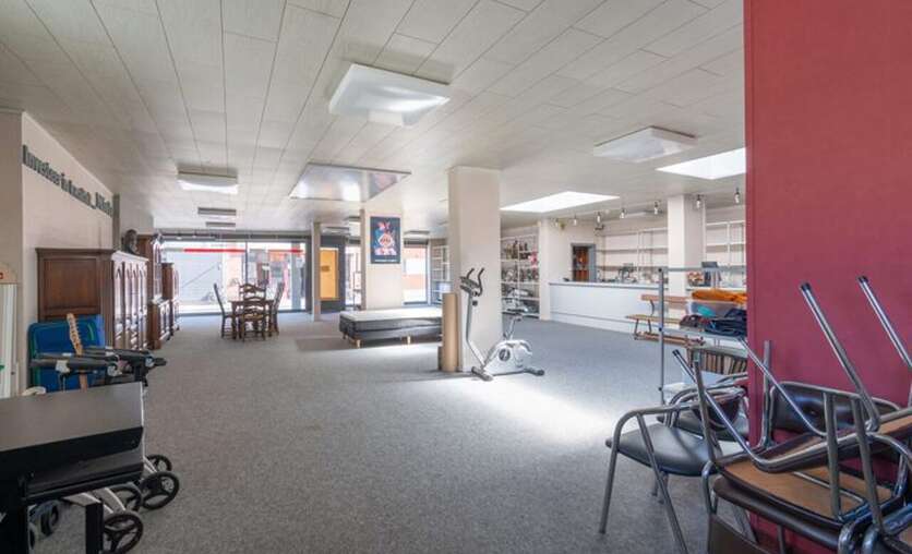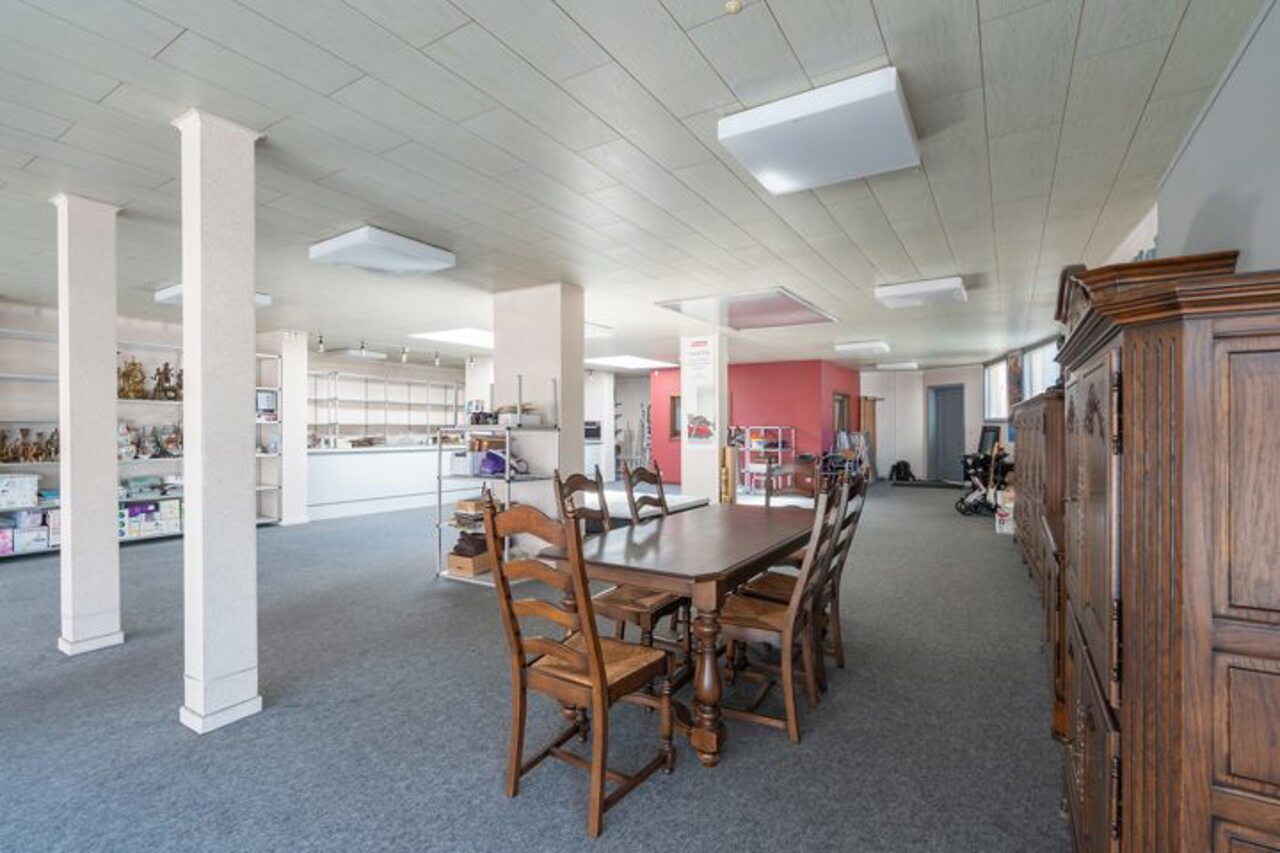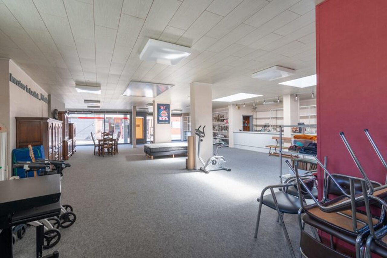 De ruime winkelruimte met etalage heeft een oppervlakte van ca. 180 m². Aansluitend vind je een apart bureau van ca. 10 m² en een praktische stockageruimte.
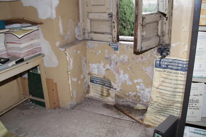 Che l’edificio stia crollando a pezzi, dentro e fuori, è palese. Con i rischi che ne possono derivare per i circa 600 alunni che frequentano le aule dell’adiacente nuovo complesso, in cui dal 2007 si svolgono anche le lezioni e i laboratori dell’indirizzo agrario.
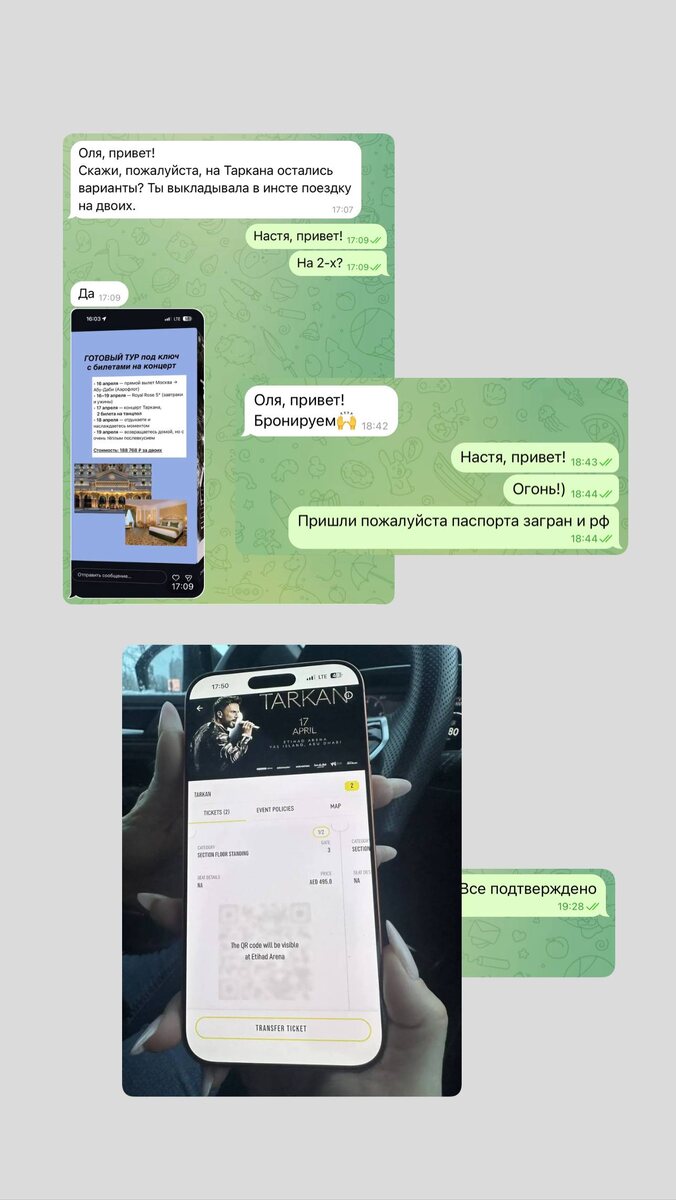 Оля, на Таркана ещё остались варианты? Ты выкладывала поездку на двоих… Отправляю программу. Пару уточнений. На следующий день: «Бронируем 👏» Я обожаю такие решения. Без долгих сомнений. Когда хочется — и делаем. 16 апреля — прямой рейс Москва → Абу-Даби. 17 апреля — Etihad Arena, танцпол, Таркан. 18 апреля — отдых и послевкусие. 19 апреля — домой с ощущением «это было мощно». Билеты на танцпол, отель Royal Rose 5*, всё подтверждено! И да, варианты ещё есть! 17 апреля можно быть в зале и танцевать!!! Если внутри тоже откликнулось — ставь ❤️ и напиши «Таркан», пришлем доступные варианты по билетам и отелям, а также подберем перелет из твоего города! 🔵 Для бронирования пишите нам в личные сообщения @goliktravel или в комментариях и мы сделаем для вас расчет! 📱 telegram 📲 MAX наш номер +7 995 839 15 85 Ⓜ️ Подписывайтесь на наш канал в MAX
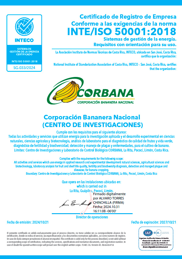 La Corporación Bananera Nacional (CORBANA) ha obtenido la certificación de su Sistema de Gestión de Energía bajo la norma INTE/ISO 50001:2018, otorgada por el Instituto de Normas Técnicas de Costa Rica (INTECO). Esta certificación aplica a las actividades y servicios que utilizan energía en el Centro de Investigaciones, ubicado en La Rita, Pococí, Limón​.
************
▶ WORK INSTRUCTIONS:
Reproduce the listing exactly. Do not include its images.

▶ REPLY TO THE EXERCISE:
 De ruime winkelruimte met etalage heeft een oppervlakte van ca. 180 m². Aansluitend vind je een apart bureau van ca. 10 m² en een praktische stockageruimte.
 Che l’edificio stia crollando a pezzi, dentro e fuori, è palese. Con i rischi che ne possono derivare per i circa 600 alunni che frequentano le aule dell’adiacente nuovo complesso, in cui dal 2007 si svolgono anche le lezioni e i laboratori dell’indirizzo agrario.
 Оля, на Таркана ещё остались варианты? Ты выкладывала поездку на двоих… Отправляю программу. Пару уточнений. На следующий день: «Бронируем 👏» Я обожаю такие решения. Без долгих сомнений. Когда хочется — и делаем. 16 апреля — прямой рейс Москва → Абу-Даби. 17 апреля — Etihad Arena, танцпол, Таркан. 18 апреля — отдых и послевкусие. 19 апреля — домой с ощущением «это было мощно». Билеты на танцпол, отель Royal Rose 5*, всё подтверждено! И да, варианты ещё есть! 17 апреля можно быть в зале и танцевать!!! Если внутри тоже откликнулось — ставь ❤️ и напиши «Таркан», пришлем доступные варианты по билетам и отелям, а также подберем перелет из твоего города! 🔵 Для бронирования пишите нам в личные сообщения @goliktravel или в комментариях и мы сделаем для вас расчет! 📱 telegram 📲 MAX наш номер +7 995 839 15 85 Ⓜ️ Подписывайтесь на наш канал в MAX
 La Corporación Bananera Nacional (CORBANA) ha obtenido la certificación de su Sistema de Gestión de Energía bajo la norma INTE/ISO 50001:2018, otorgada por el Instituto de Normas Técnicas de Costa Rica (INTECO). Esta certificación aplica a las actividades y servicios que utilizan energía en el Centro de Investigaciones, ubicado en La Rita, Pococí, Limón​.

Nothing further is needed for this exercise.